Previous studies have also shown that the E670G variant is associated with increased plasma total cholesterol.9,20 In the present study, this finding was not confirmed in patients with CAD or controls (who have a high risk of CAD). Similar to these results, a previous study found that E670G was not associated with increased plasma lipid levels in the Taiwanese population, and another study found that the prevalence of three major risk factors was not higher in older Taiwanese patients with pre-existing vascular disease.19,21
Because of this discrepancy, we analyzed other risk factors associated with CAD in the present study. We found that patients carrying the AG genotype of the rs505151 polymorphism had a higher prevalence of diabetes and a positive family history of CAD. In a study conducted in Korea, pathogenic mutations in PCSK9 and genes encoding the low density lipoprotein receptor and apolipoprotein B were found in 32% of patients with clinically diagnosed familial hypercholesteremia.22 However, mutation positivity was not a predictor of CAD, and instead hypertension, congestive heart failure, and high-density lipoprotein cholesterol were identified as independent predictors of CAD. As indicated by our results, we failed to correlate PCSK9 variation with CAD. However, we detected a higher risk of CAD in patients carrying the AG genotype of PCSK9 rs505151. Future work should evaluate whether carrying these variants increases the risk of CAD.

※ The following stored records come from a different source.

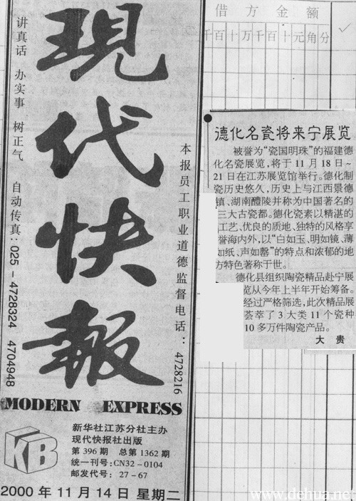 被譽為“瓷國明珠”的福建德化名瓷展覽,將于11月18日~21日在江蘇展覽館舉行。德化制瓷歷史悠久,歷史上與江西景德鎮(zhèn)、湖南醴陵并稱為中國著名的三大古瓷都。德化瓷素以精湛的工藝、優(yōu)良的質(zhì)地、獨特的風(fēng)格享譽海內(nèi)外,以“白如玉、明如鏡、薄如紙、聲如罄”的特點和濃郁的地方特色著稱于世。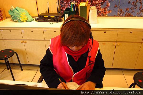 服務台優美女聲志工李秀霞老師。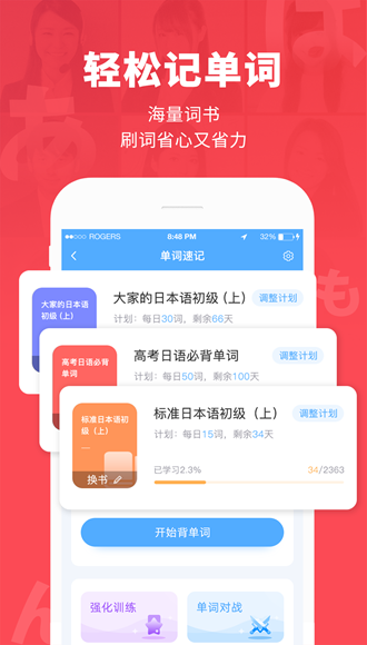 7.“录音回放”跟读评测系统,及时纠正错误发音,提升日语口语能力。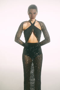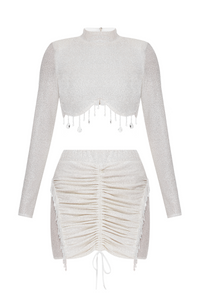 • SET GLITTER TOP WITH CRYSTAL DROPS KIRT WITH CRYSTAL CHAINS DECOR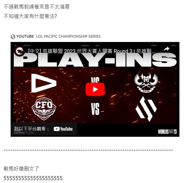 噓 c871111116 : 洗文仔沒看半場LOL找不到文洗只好去遊戲大亂鬥找啦? 10/20 21:27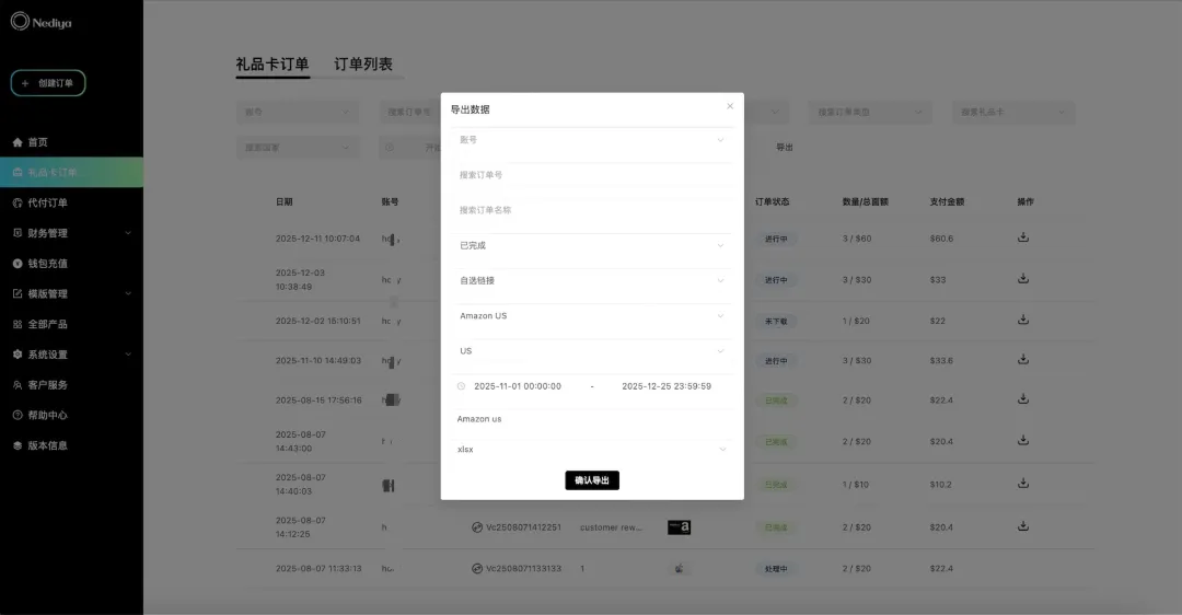 6.关于财务对账方面:卖家可以从奈达系统中直接导出礼品卡的购买与发放情况,所有数据清晰可查。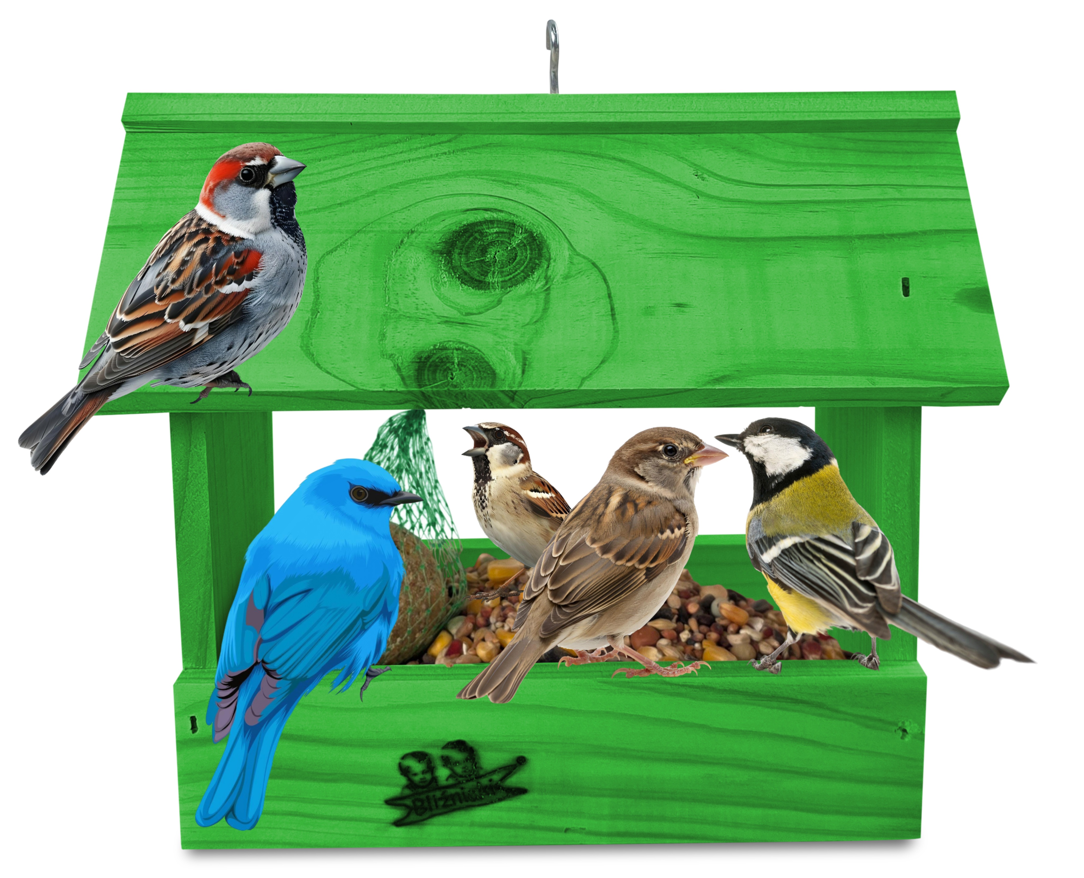 - U góry widoczny jest haczyk umożliwiający zawieszenie karmnika w dowolnym miejscu, możliwe jest również jego postawienie

This was a cross-sectional study, and correlations could only be identified. Therefore, additional cohort studies should conduct a follow-up of our study population patients. Another limitation of this study was the lack of complete plasma lipid panel parameters. The association between PCSK9 polymorphisms and lipid levels is worthy of further investigation, which will be included in our future work.
In conclusion, our results indicated that the frequencies of the AA genotype in CAD and control groups were both approximately 90%, representing the major genotype of the PCSK9 rs505151 polymorphism in the Taiwanese population. The rare AG genotype of PCSK9 rs505151, associated with diabetes and a positive family history of CAD, was approximately 9%.
Acknowledgement
This work was supported by grants from the Chung Shan Medical University Hospital (CSH-2015-C-006).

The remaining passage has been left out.